*** Input records ***

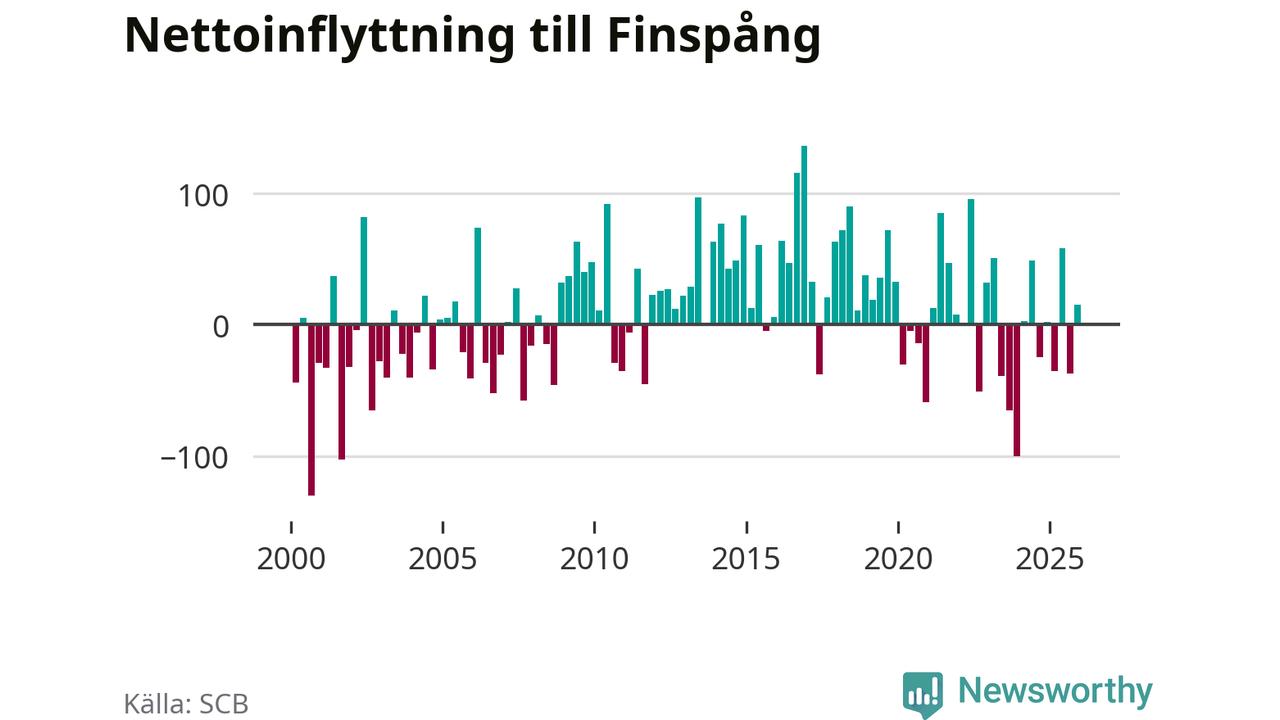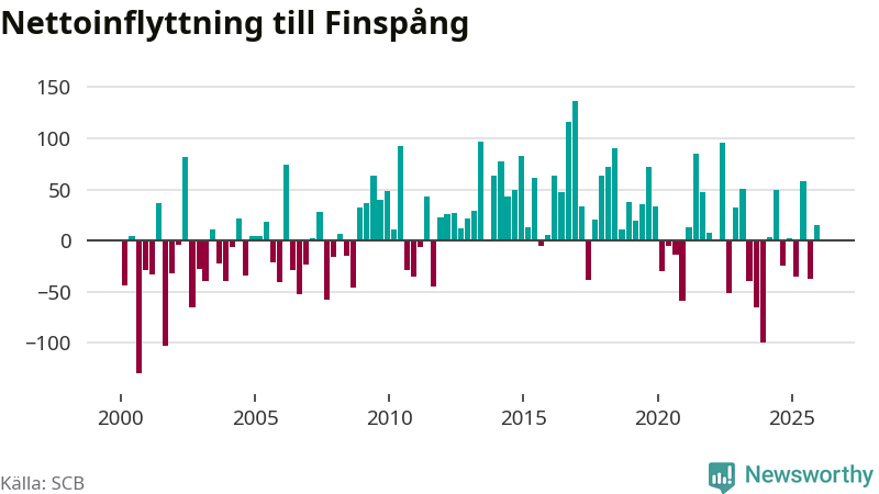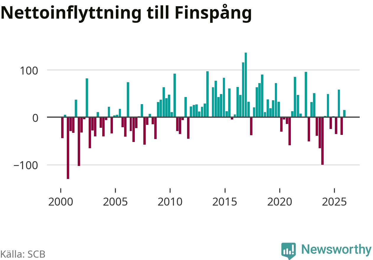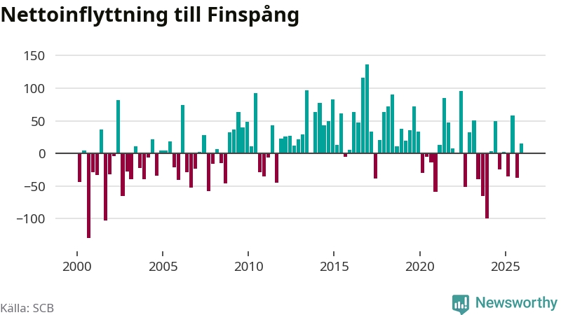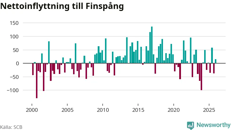 Under fjärde kvartalet 2025 flyttade 252 personer till kommunen medan 237 personer flyttade därifrån. Sedan seklets början har Finspång oftast haft ett positivt flyttnetto, inklusive det senaste kvartalet.
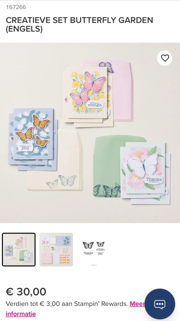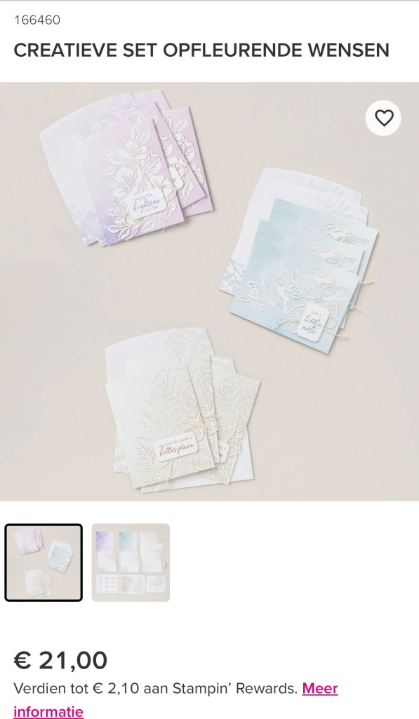 Deze is duurder omdat er stempels bij zitten, een stempelblok en stempel inkt. Je kunt dan 9 prachtige kaarten maken. Ik moet eerst wat sets opmaken van mezelf voordat ik deze mag kopen. En er komen in Maart weer prachtige nieuwe Online Only producten aan dus even doorsparen.
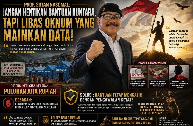 Namun, Prof. Dr. Sutan Nasomal, S.H., M.H., Pakar Hukum Pidana Internasional, menolak usulan penundaan. Ia menegaskan: bantuan harus tetap mengalir, tetapi dengan pengawalan ketat.
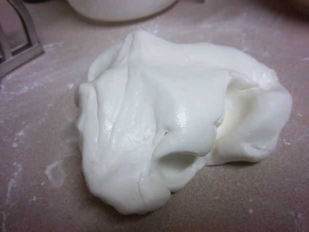 Una vez que los malvaviscos se derritan, cernir y mezclar en 3/4 de su nivel de azúcar en polvo. Mezclar con un tenedor y una vez que la mezcla consigue rígida capa abundantemente las manos con manteca (si parece demasiado tienes lo suficiente) vegetal y amasar la mezcla como masa de pan. Como la mezcla es pegajosa, vuelva a aplicar su acortamiento.
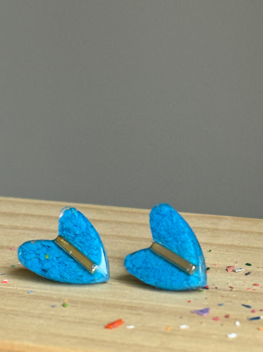 Sky Blue Heart Studs (Gold)
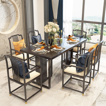 新中式实木餐桌椅组合长方形饭桌现代简约中式长餐桌可定制
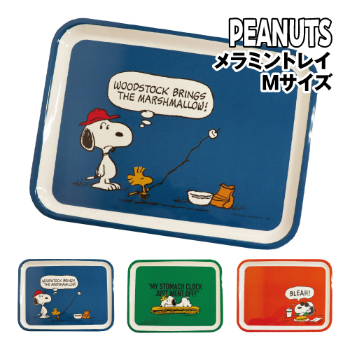ピーナッツ/スヌーピー メラミントレイ Mサイズ PL-1600-2 / MARSHMALLOW/ブルー SANDWICH/グリーン HAMBURGER/レッド
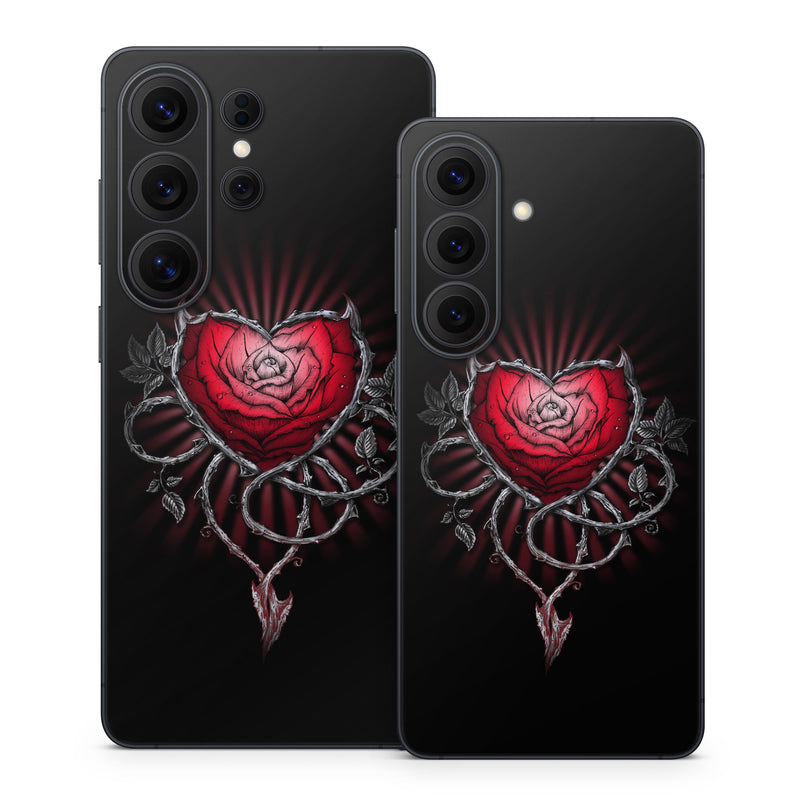 iStyles Samsung Galaxy S26 Series Skin design of Human body, Flash photography, Gesture, Sleeve, Petal, Font, Jewellery, Fictional character, Magenta, Symmetry, with black, white, red, gray colors, and tagged with signs, flowers, hearts, fantasy, vines, thorns, heart, rose.
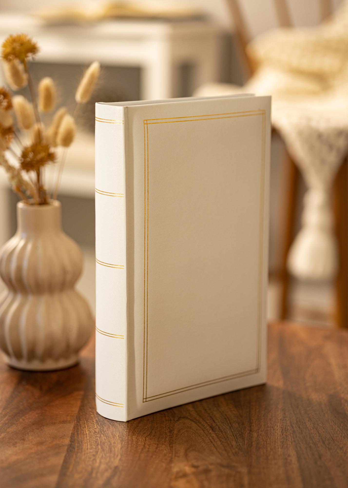 Nodig familie en vrienden uit voor een gezellig moment om samen oude herinneringen op te halen. In dit stijlvolle fotoalbum heb je ruimte voor wel 300 foto's van 10x15 cm. Aangezien je voor de foto's insteekhoesjes kunt gebruiken gaat het plaatsen makkelijk en snel. Bij ieder hoesje is er ook nog gelinieerde ruimte voor een bijschrift. De kaft is smaakvol wit met dubbele gouden lijnen langs de randen en op de rug, voor een extra luxe gevoel. Zet een borrelhapje klaar, een lekker muziekje aan en begin jullie nostalgische reis terug in de tijd.
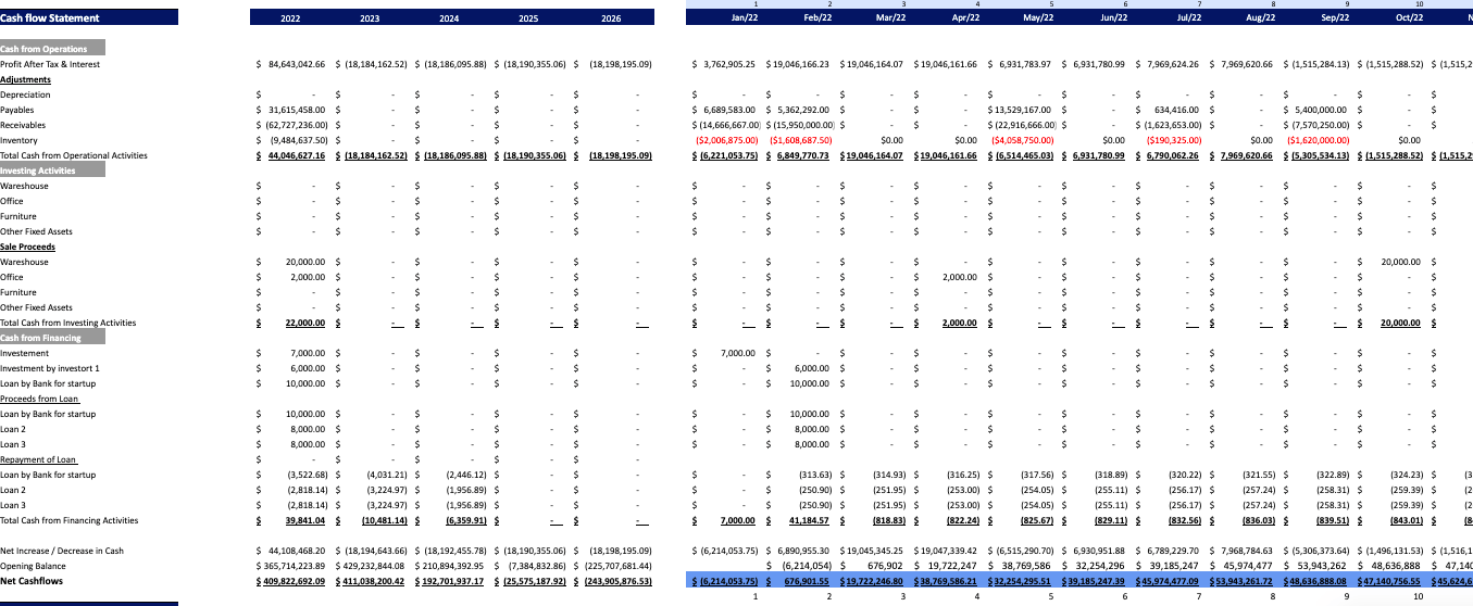 The Cashflow Statement in our Model contains a dedicated sheet to monitor and analyze your company cash-ins and out. This cash flow statement is based on several key inputs: Payable and Receivable Days, yearly income, working capital, long-term debt, net cash, etc. This calculation computes your net cash flow and beginning and end cash balances. This is a perfect template for your Company’s cash flow management.
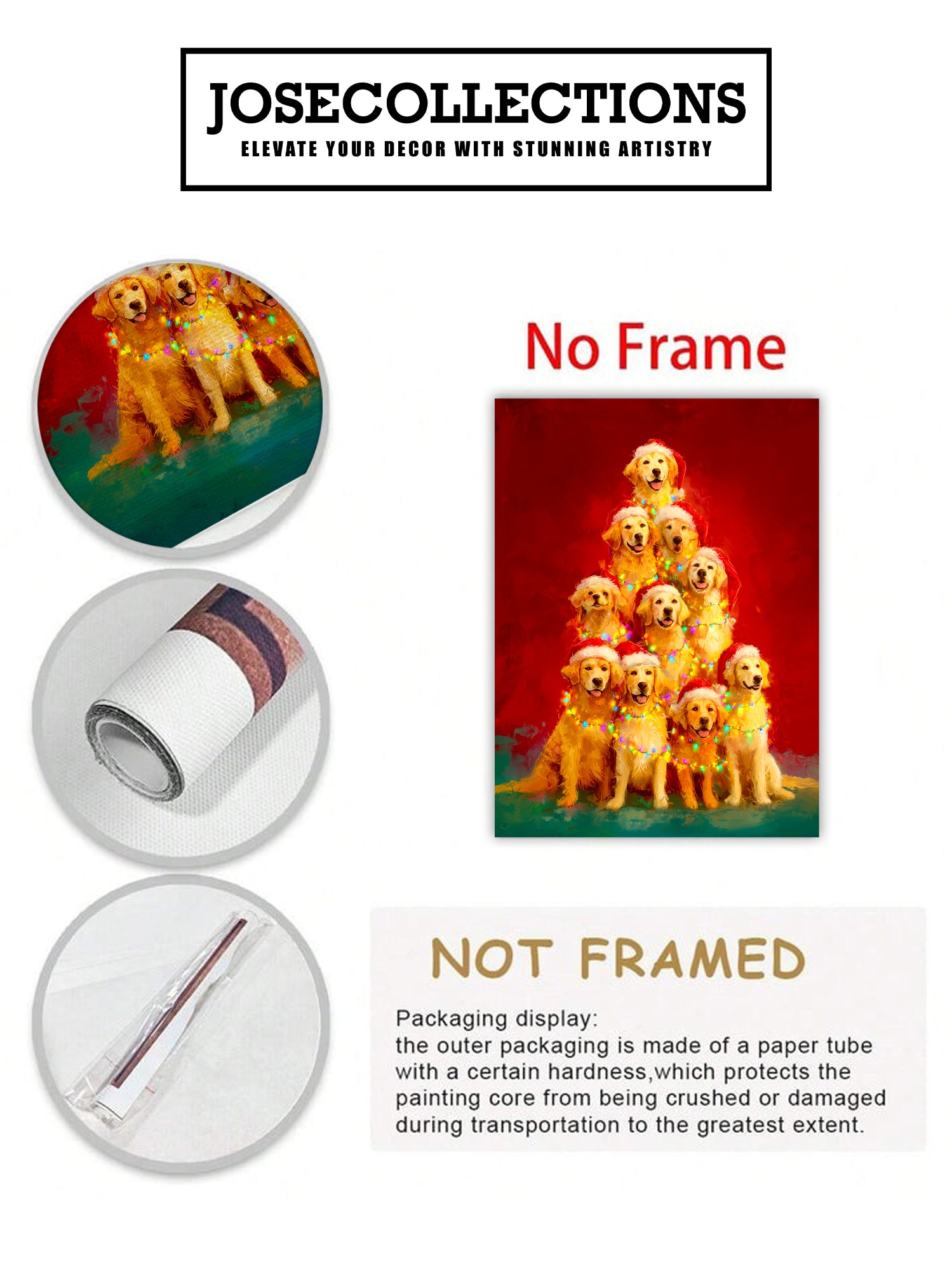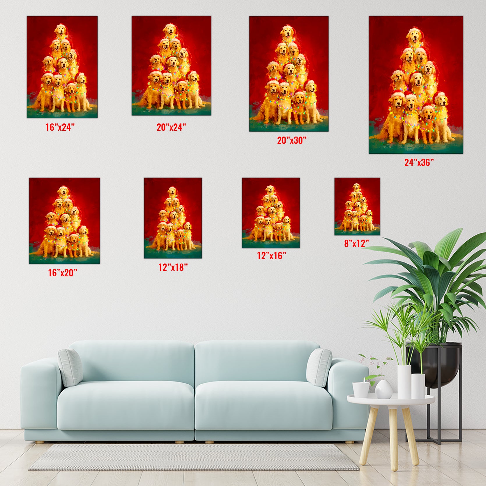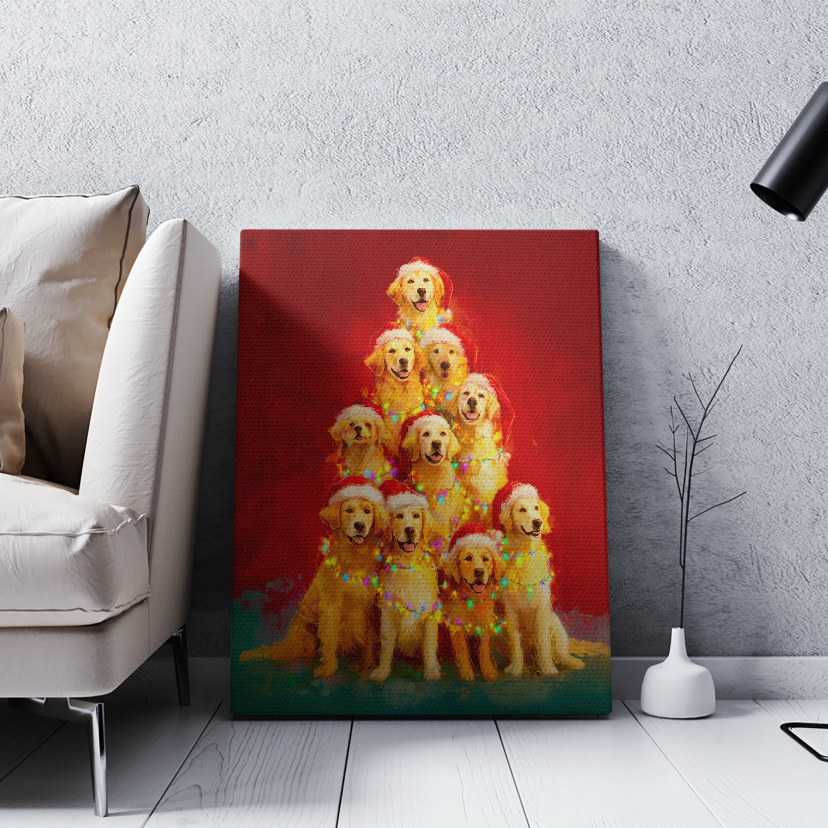 Bring festive warmth to any room with this charming Golden Retriever Christmas Tree canvas wall art. Featuring a beloved golden retriever adorned with holiday cheer, this piece combines seasonal spirit with timeless pet portraiture. The high-quality canvas construction ensures vibrant colors and lasting durability, making it an ideal focal point for living rooms, bedrooms, or above sofas. Perfect for dog lovers and holiday enthusiasts alike, this artwork adds personality and comfort to your home while celebrating the joy of the season. Transform your space into a cozy, inviting sanctuary with this delightful decorative accent.

*** End of Input records ***

What is being asked:
Once the line with "Nodig familie en" is found above, transcribe each line from it through the line with "The Cashflow Statement", exactly, and omit the pictures.

Result of the exercise:
 Nodig familie en vrienden uit voor een gezellig moment om samen oude herinneringen op te halen. In dit stijlvolle fotoalbum heb je ruimte voor wel 300 foto's van 10x15 cm. Aangezien je voor de foto's insteekhoesjes kunt gebruiken gaat het plaatsen makkelijk en snel. Bij ieder hoesje is er ook nog gelinieerde ruimte voor een bijschrift. De kaft is smaakvol wit met dubbele gouden lijnen langs de randen en op de rug, voor een extra luxe gevoel. Zet een borrelhapje klaar, een lekker muziekje aan en begin jullie nostalgische reis terug in de tijd.
 The Cashflow Statement in our Model contains a dedicated sheet to monitor and analyze your company cash-ins and out. This cash flow statement is based on several key inputs: Payable and Receivable Days, yearly income, working capital, long-term debt, net cash, etc. This calculation computes your net cash flow and beginning and end cash balances. This is a perfect template for your Company’s cash flow management.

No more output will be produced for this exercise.